■ WHAT IS EXPECTED ■
Please give back each line of the material unchanged, but without the images.

COLLECTED MATERIAL START

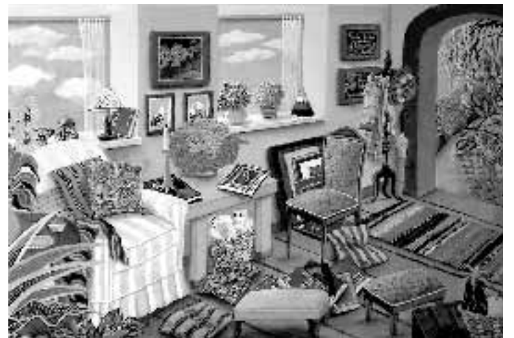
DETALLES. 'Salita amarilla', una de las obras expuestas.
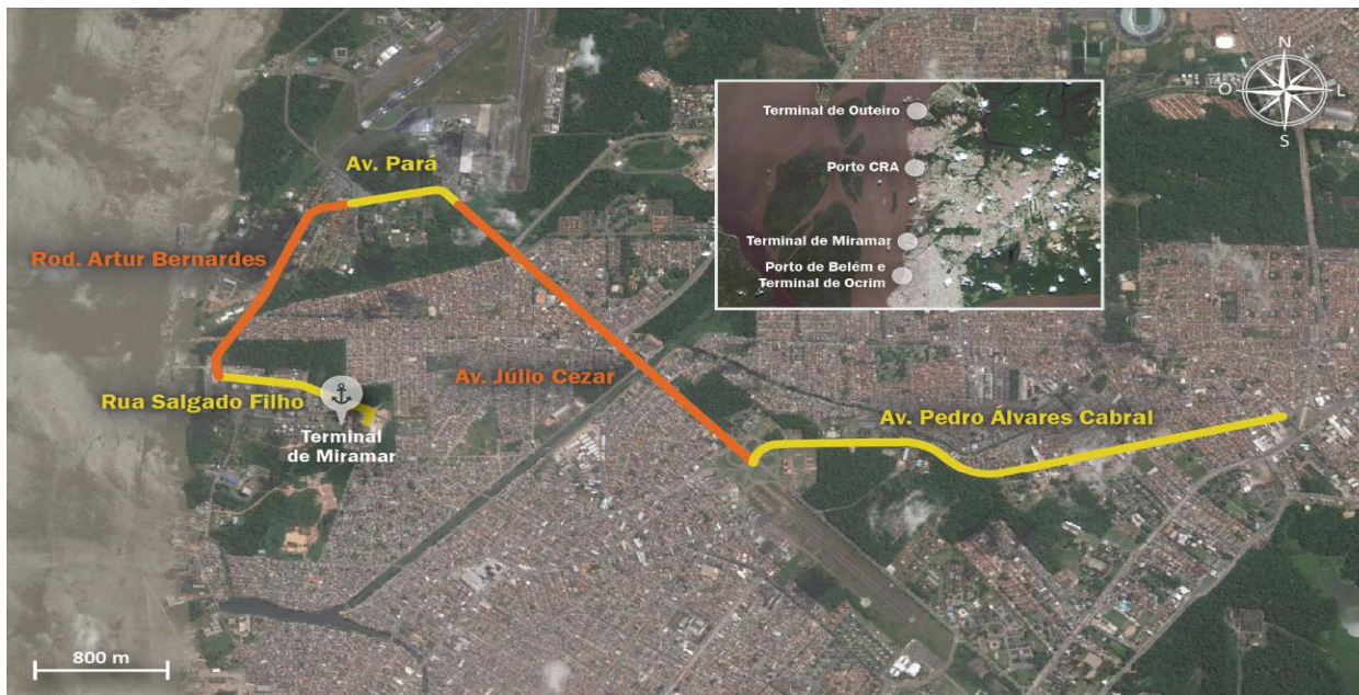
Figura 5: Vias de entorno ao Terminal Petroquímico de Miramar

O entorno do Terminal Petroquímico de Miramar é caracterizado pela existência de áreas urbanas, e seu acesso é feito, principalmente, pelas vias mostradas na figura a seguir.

COLLECTED MATERIAL END

■ ANSWER SECTION ■
DETALLES. 'Salita amarilla', una de las obras expuestas.
Figura 5: Vias de entorno ao Terminal Petroquímico de Miramar

O entorno do Terminal Petroquímico de Miramar é caracterizado pela existência de áreas urbanas, e seu acesso é feito, principalmente, pelas vias mostradas na figura a seguir.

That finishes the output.